US4608829A - Waste heat recovering device - Google Patents

Abstract

A heat recovering device comprising an oil injection type screw expander having its output shaft connected to a load, such as a generator, an evaporator using waste heat as a heat source to evaporate a working medium so as to produce working medium vapor to be fed to the expander, a condenser for condensing the working medium vapor discharged from the expander, a working medium circulating pump for circulating the working medium within a system comprised of the condenser, evaporator and expander, an oil circulating pump for feeding oil to the expander, and a heater for heating oil to be fed to the expander to a higher temperature than the working medium vapor temperature. The device is characterized in that the heated oil is injected into the expander in such a manner that the working medium vapor and the heated oil come in direct contact with each other in the expander, thereby superheating the working medium vapor.

Description

BACKGROUND OF THE INVENTION

1. Field of the Invention

This invention relates to a waste heat recovering device using an oil injection type screw expander and is utilizable for recovery of waste heat discharged from plants.

2. Description of the Prior Art

A heat recovering device is known which is designed to recover heat from hot waste water and the like discharged from plants, on the basis of Rankine cycle utilizing a small temperature difference. This device comprises an evaporator using hot waste water or the like as a heat source to heat and evaporate a working medium, e.g., freon, a turbine which is rotated by the freon vapor from the evaporator, a condenser for cooling and condensing the freon vapor discharged from the turbine, and a freon circulating pump for circulating the freon through the system. The output shaft of the turbine is connected to a load such as a generator.

The drawback of this device is that because of the low temperature of hot waste water or the like which is a heat source, the working medium cannot be sufficiently heated, or a large temperature difference cannot be attained, with the result that the recovery of power cannot be effected to the fullest extent.

To offset this drawback, the freon vapor from the evaporator could be introduced into an additional heat exchanger, where it is superheated, and then supplied to the turbine, whereby an increase in the power recovery rate could be expected. In this case, however, since the freon, in its vapor state, enters the additional heat exchanger, the latter, which is used to superheat the freon vapor, must of necessity be large-sized.

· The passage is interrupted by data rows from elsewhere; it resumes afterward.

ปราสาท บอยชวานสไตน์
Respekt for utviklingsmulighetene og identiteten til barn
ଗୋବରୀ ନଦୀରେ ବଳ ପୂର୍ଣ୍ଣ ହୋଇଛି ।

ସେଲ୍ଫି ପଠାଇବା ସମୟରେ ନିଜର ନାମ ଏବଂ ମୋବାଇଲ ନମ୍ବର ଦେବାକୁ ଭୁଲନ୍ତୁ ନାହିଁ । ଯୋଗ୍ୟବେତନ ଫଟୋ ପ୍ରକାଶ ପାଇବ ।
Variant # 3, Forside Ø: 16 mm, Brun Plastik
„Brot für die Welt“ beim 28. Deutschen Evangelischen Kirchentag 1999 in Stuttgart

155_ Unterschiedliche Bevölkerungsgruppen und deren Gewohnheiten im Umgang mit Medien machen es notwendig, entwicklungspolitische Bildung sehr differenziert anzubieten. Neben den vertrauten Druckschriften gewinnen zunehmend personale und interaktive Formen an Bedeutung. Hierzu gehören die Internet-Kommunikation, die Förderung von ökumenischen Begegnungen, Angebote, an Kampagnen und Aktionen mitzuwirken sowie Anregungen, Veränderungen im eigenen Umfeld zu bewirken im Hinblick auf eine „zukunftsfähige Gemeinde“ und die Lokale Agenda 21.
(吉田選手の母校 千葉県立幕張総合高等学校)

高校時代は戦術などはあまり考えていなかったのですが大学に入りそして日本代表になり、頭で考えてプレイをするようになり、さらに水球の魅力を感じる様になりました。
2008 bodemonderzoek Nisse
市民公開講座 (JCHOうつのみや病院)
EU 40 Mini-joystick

Therefore, a large space between the evaporator and the turbine is required for said heat exchanger, adding to the overall size of the device, a new drawback.

SUMMARY OF THE INVENTION

This invention is concerned with a heat recovering device which operates on the principle of utilizing a heat source of low temperature such as hot waste water from plants to evaporate a working medium, and recovering power by means of said working medium, and the invention is intended to increase the power recovery rate by superheating the working medium vapor, without involving an increase in the size of the device.

This invention is a heat recovering device comprising an oil injection type screw expander having its output shaft connected to such a load as a generator, an evaporator for evaporating a working medium by waste heat used as a heat source to produce working medium vapor to be fed to the expander, a condenser for condensing the working medium vapor discharged from the expander, a working medium circulating pump for circulating the working medium within a system comprised of the condenser, evaporator and expander, an oil circulating pump for feeding oil to the expander, and a heater for heating the oil fed to the expander to a higher temperature than the temperature of the working medium vapor, said device being characterized in that the hot oil is injected into the expander in such a manner that it comes in direct contact with the working medium vapor, thereby superheating the working medium vapor.

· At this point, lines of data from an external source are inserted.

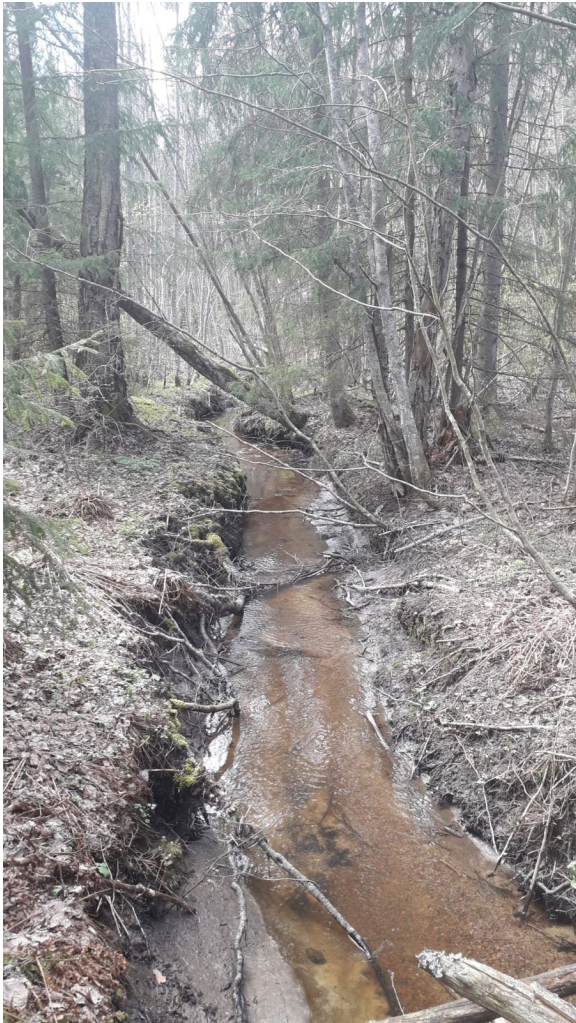
Suoristettua, luonnontilaisen kaltaista osuutta.
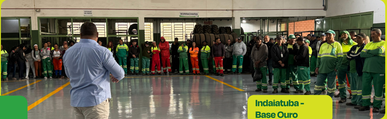
Indaiatuba - Base Ouro
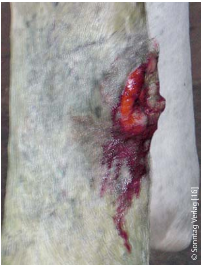
Abb. 1 Infizierte Wunde mit vollständiger Durchtrennung der oberflächlichen Beugesehne.
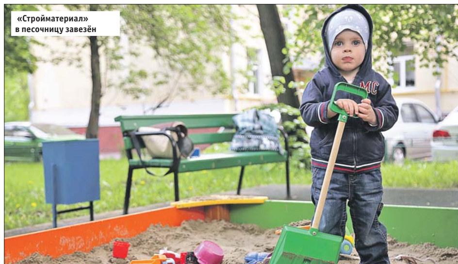
«Стройматериал» в песочницу завезён

Управа района Новогиреево: Зелёный просп., 20, тел. (495) 302-6234. Эл. почта: novogir@vao.mos.ru , novogir_priem@vao.mos.ru
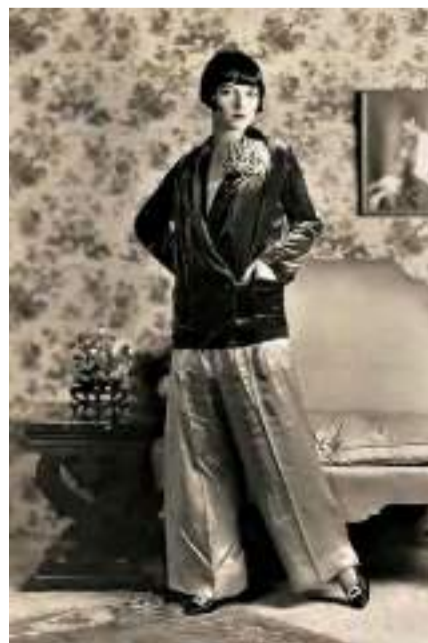
Mulher da década de 1920 vestindo calça.

E não parou por aí. A moda vem sofrendo mudanças constantes e altas renovações, desde estratégias de marketing mirabolantes à engajamento em projetos sociais. Aquele veículo de comunicação para expressar diferentes sentimentos que necessitam ser externados nunca deixou de ser atual. Já pensou que aquela padronagem, textura variada, frase ou mesmo o tecido presente na sua roupa, gera um impacto que vai além do simples ato de vestir? A moda é cíclica, é cultural e histórica. Repensar o consumo desenfreado e a procedência de cada aquisição tornou-se questão de consciência e responsabilidade!

BRIEF DESCRIPTION OF THE DRAWINGS

FIG. 1 is a block diagram of a heat recovering device according to an embodiment of this invention;

FIGS. 2-4 are a schematic longitudinal section, a schematic cross-section and a schematic perspective view, respectively, of an oil injection type screw expander;

FIGS. 5 and 6 are P-H diagrams of a working medium, with pressure P plotted along the vertical axis and enthalpy H along the horizontal axis; and

FIG. 7 is a block diagram of a heat recovering device according to another embodiment of the invention.

DESCRIPTION OF THE PREFERRED EMBODIMENTS

Embodiments of the invention shown in the drawings will now be described.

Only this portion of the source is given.